Convert TIMESTAMP(NANOS,*) to LongType regardless of nanosAsLong config to allow reading Parquet files with nanosecond precision timestamps.

What changes were proposed in this pull request?

Simplified the TIMESTAMP(NANOS) handling in ParquetSchemaConverter to always convert to LongType, removing the nanosAsLong condition check that caused TIMESTAMP(NANOS,false) files to be unreadable.

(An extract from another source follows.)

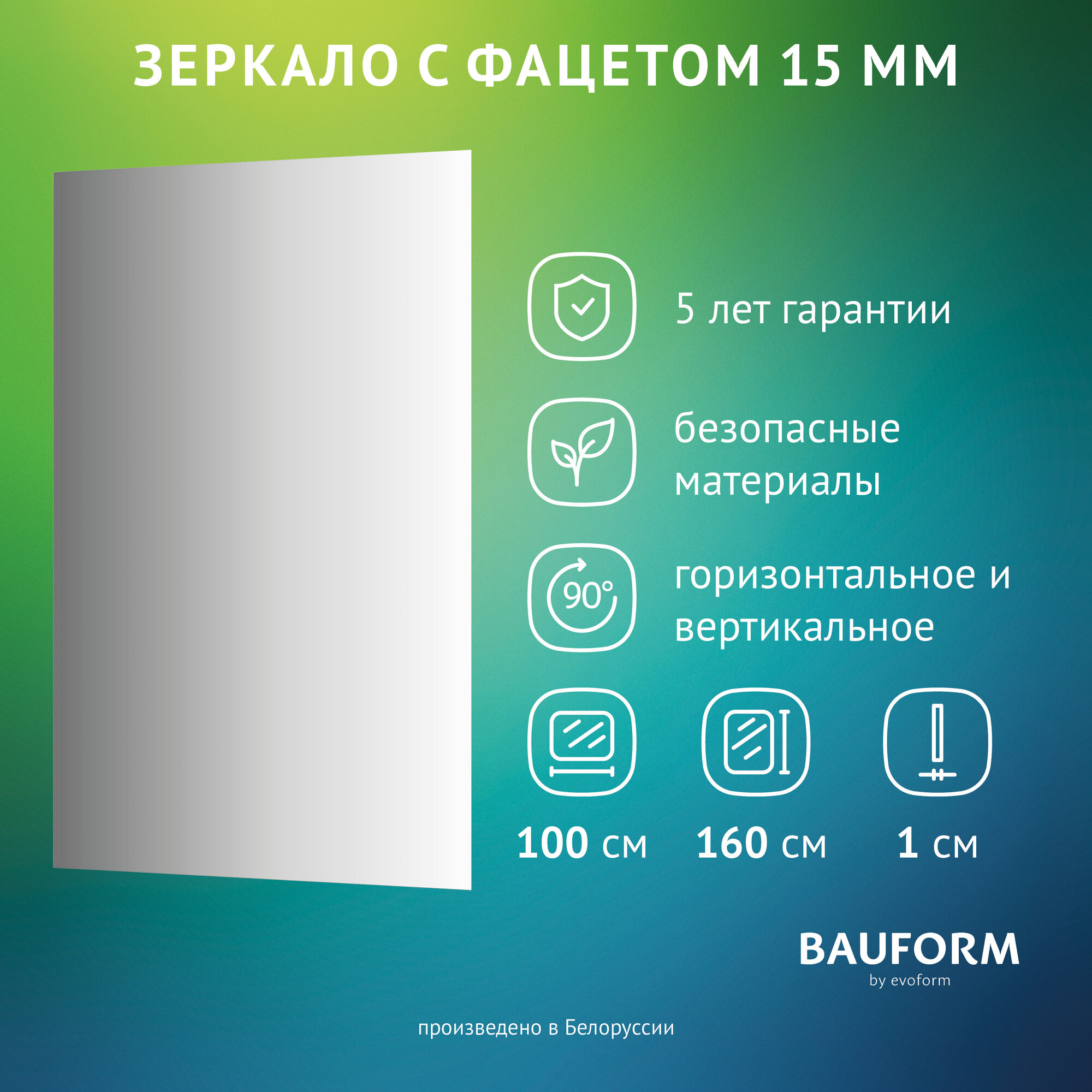 10 цен на Зеркало настенное Прямоугольное с фацетом FACET 15 BAUFORM 100х160 см, для гостиной, прихожей, спальни, кабинета и ванной комнаты, SP 9040

Why are the changes needed?

SPARK-40819 added spark.sql.legacy.parquet.nanosAsLong as a workaround for TIMESTAMP(NANOS,true), but:

  • Only worked for TIMESTAMP(NANOS,true), not for TIMESTAMP(NANOS,false)
  • Required users to know about an obscure internal config flag
  • Still required manual casting from Long to Timestamp

This fix makes all NANOS timestamps readable by default. Since Spark cannot fully support nanosecond precision in its type system, converting to LongType preserves precision while allowing files to be read.

Does this PR introduce any user-facing change?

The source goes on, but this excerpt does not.